La depressione si impone sempre di più come una delle malattie più democratiche del mondo: colpisce ricchi e poveri, etnie e culture diverse. E nella società, ed in particolare tra i giovani, la patologia continua a diffondersi a macchia d’olio.
Ad evidenziarlo è anche lo psicologo senese Jacopo Grisolaghi. Se qualche anno fa era la pandemia da covid ad alimentare la depressione un forte contributo arriva ora da una realtà, la nostra, che è sempre più iper-connessa.

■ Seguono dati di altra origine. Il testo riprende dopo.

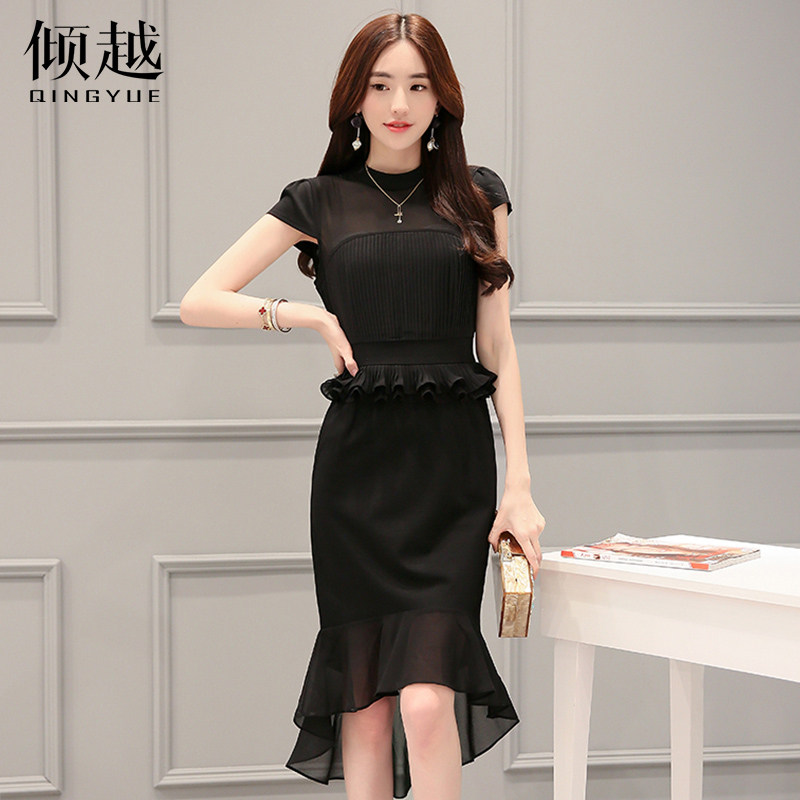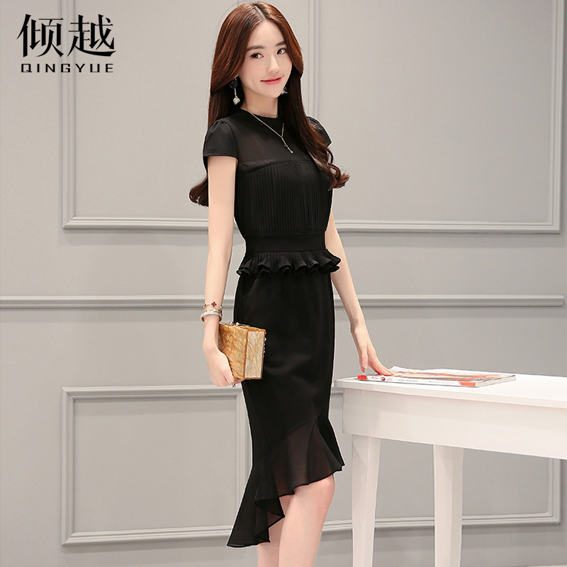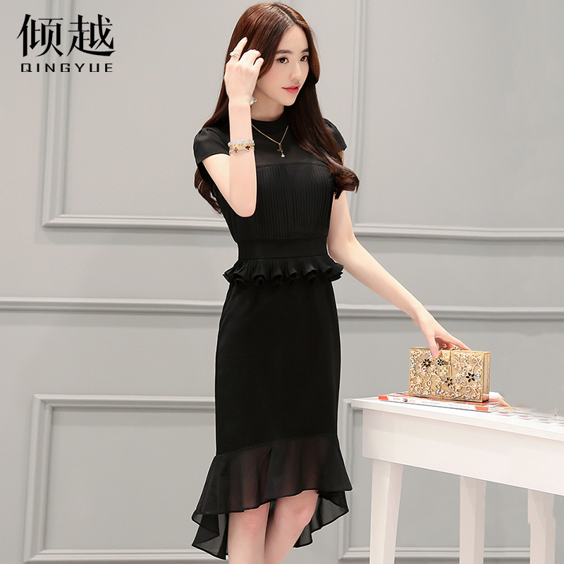 / 2017夏裝新款時尚優雅圓領荷葉邊收腰顯瘦短袖連衣裙純色魚尾裙女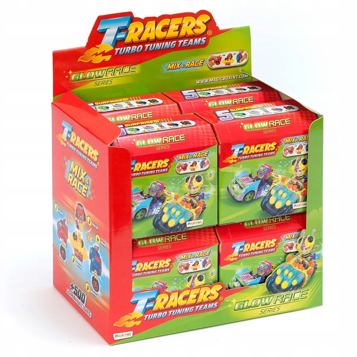 T-Racers повертаються в новій серії Glow Race! Відкрийте для себе 8 нових колекційних драйверів, нові деталі та їхні сили та... величезну кількість комбінацій! Пам'ятайте, що всі частини автомобіля взаємозамінні з іншими T-Racer: передня, задня, центральна частина автомобіля, колеса та ведучі. Чи зможете ви знайти надрідкісного персонажа на ім’я Доктор Глоу? Він злегка світиться в темряві!
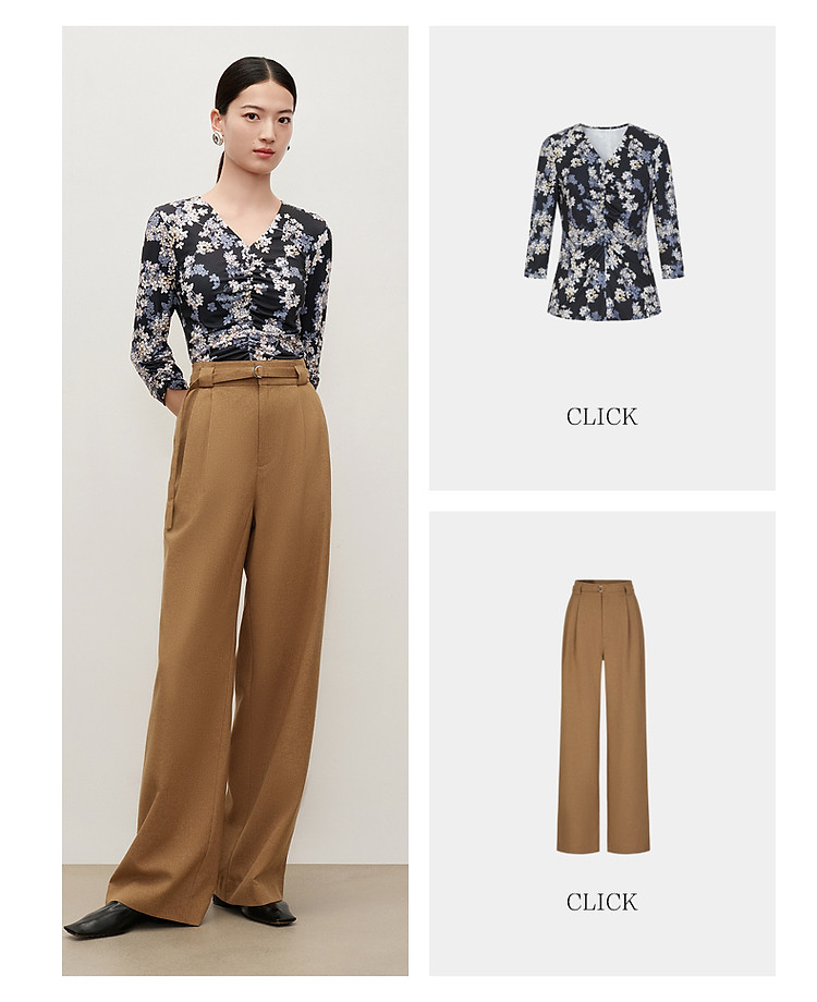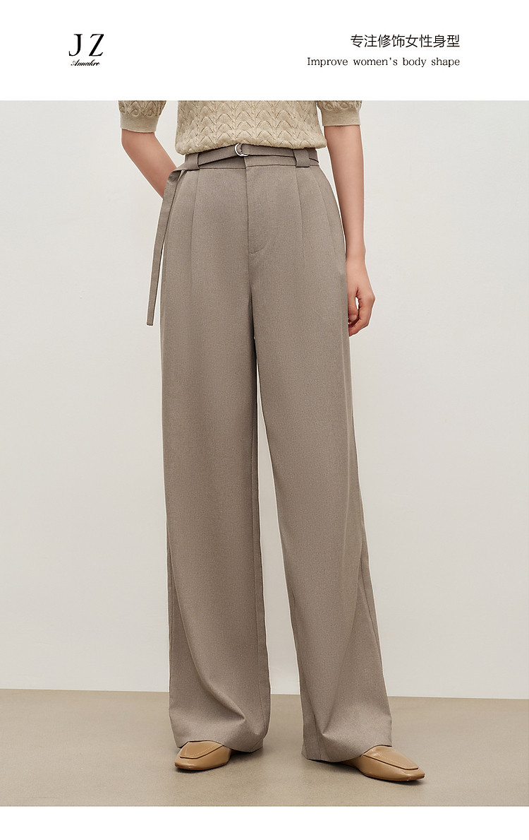 商品名称:玖姿旗下安娜蔻系列简约设计感压褶花纱通勤长裤女装秋季 870348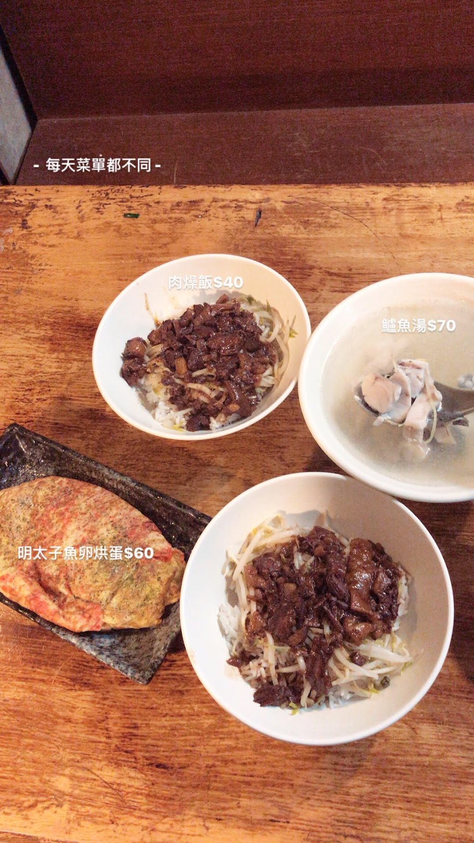 似乎每天有不同菜單,可以兩三個人以上來點不同菜色分著吃,這樣能嘗到比較多種。今天吃到煎蛋燒、蔥爆豬肉、炸排骨。口味都還不錯,豬肉口感再嫩一點個人會比較喜歡。有機會再來試試看炒飯類的。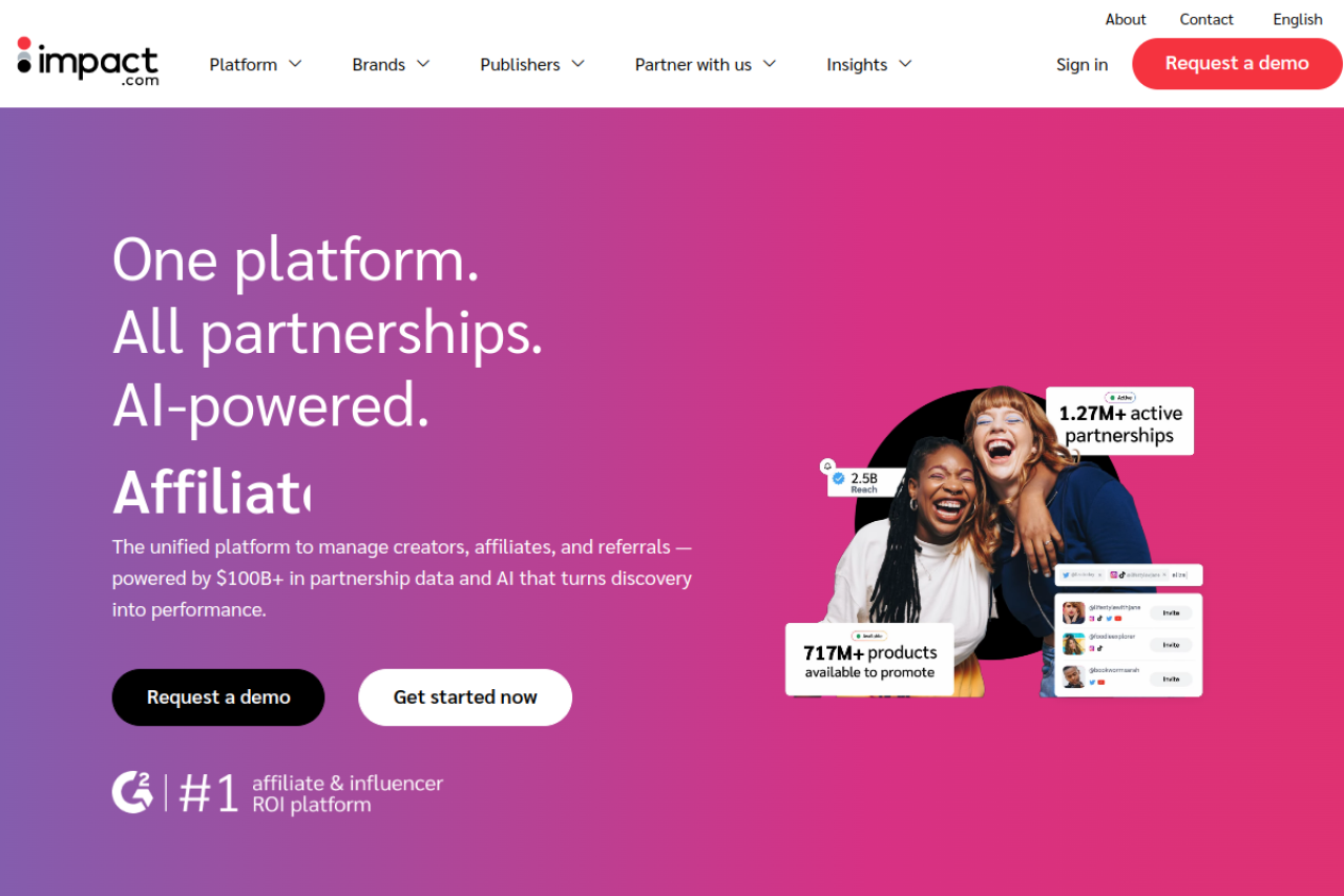 impact.com offers a unified platform for managing affiliates, influencers, and referrals, streamlining partnerships for brands & publishers.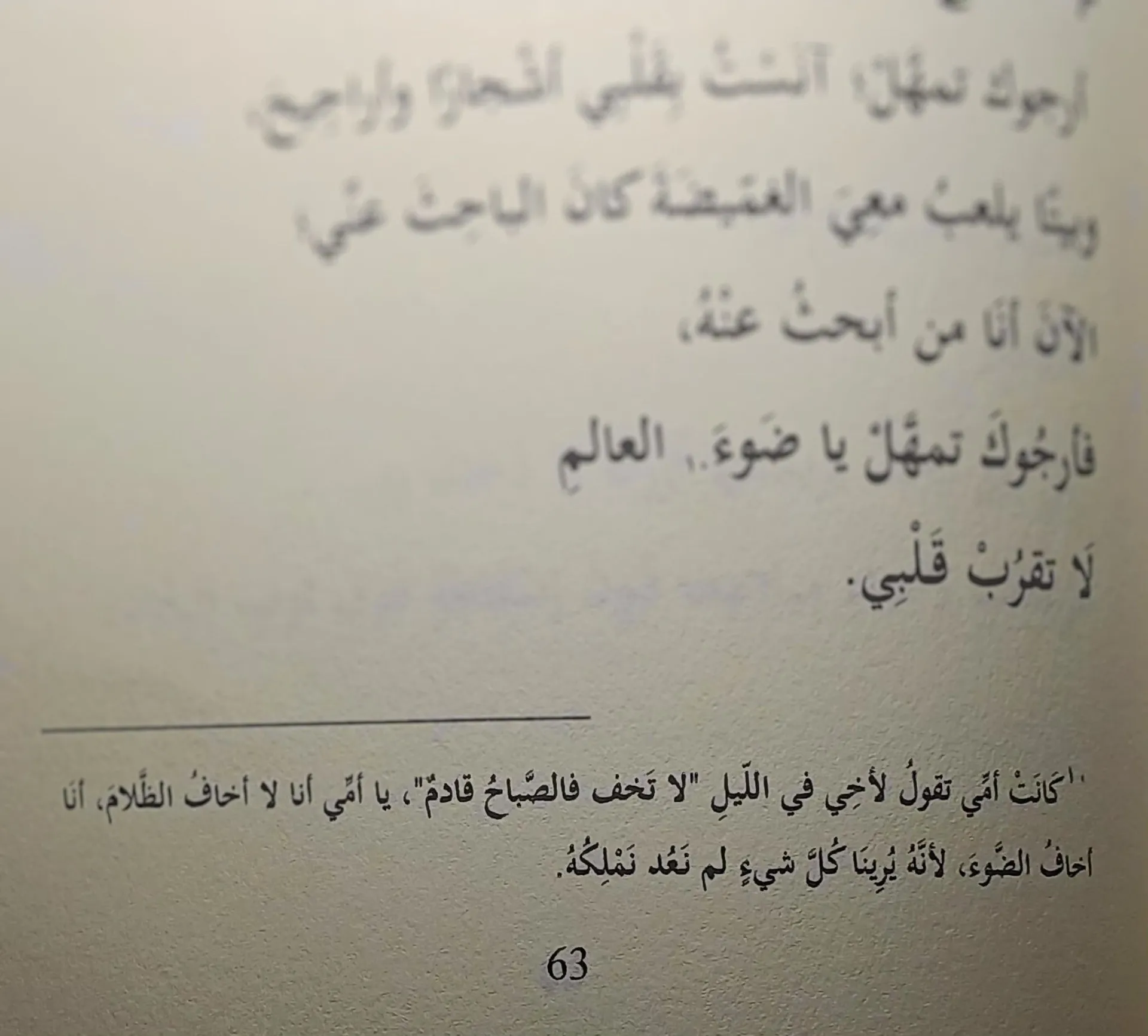 "...أنا أخافُ الضوءَ؛ لأنّهُ يرينا كلّ شيءٍ لم نعدْ نملكُه" _ هامِش قصيدة عالم جميل، عالم قاسٍ. ديوان: ألا يصدأَ- المفتاحُ يعدُ البيتَ.

Le moderne tecnologie ci hanno aperto al mondo virtuale ma ci hanno chiuso nel nostro semplice vivere quotidiano, in particolare con le persone a noi vicine
“Di fatto per i cittadini hanno meno punti di ritrovo fisici. Si socializza di meno con gli amici – continua -. Questo cambiamento radicale ci ha portato ad essere chiusi. I sintomi? Umore flesso verso il basso, spossatezza, perdita di attenzione, assenza di piacere, disturbi del sonno”.
Fondamentale per chi soffre di questa patologia è chiedere aiuto. Il fare da soli non funziona, ricorda lo psicologo, ed il rischio è che si arrivi all’esacerbazione dei problemi.
E le famiglie? Istintivo il comportamento di stare vicino al proprio caro, accudirlo, dargli rassicurazioni anche più del dovuto.
“Ciò che può sembrare un aiuto può risultare dannoso. Non dico che bisogna essere distaccati ma se una persona si sente accudita potrebbe sviluppare sia una senso di colpa che adagiarsi su una determinata situazione. Il risultato potrebbe portare all’acuirsi della depressione”, continua.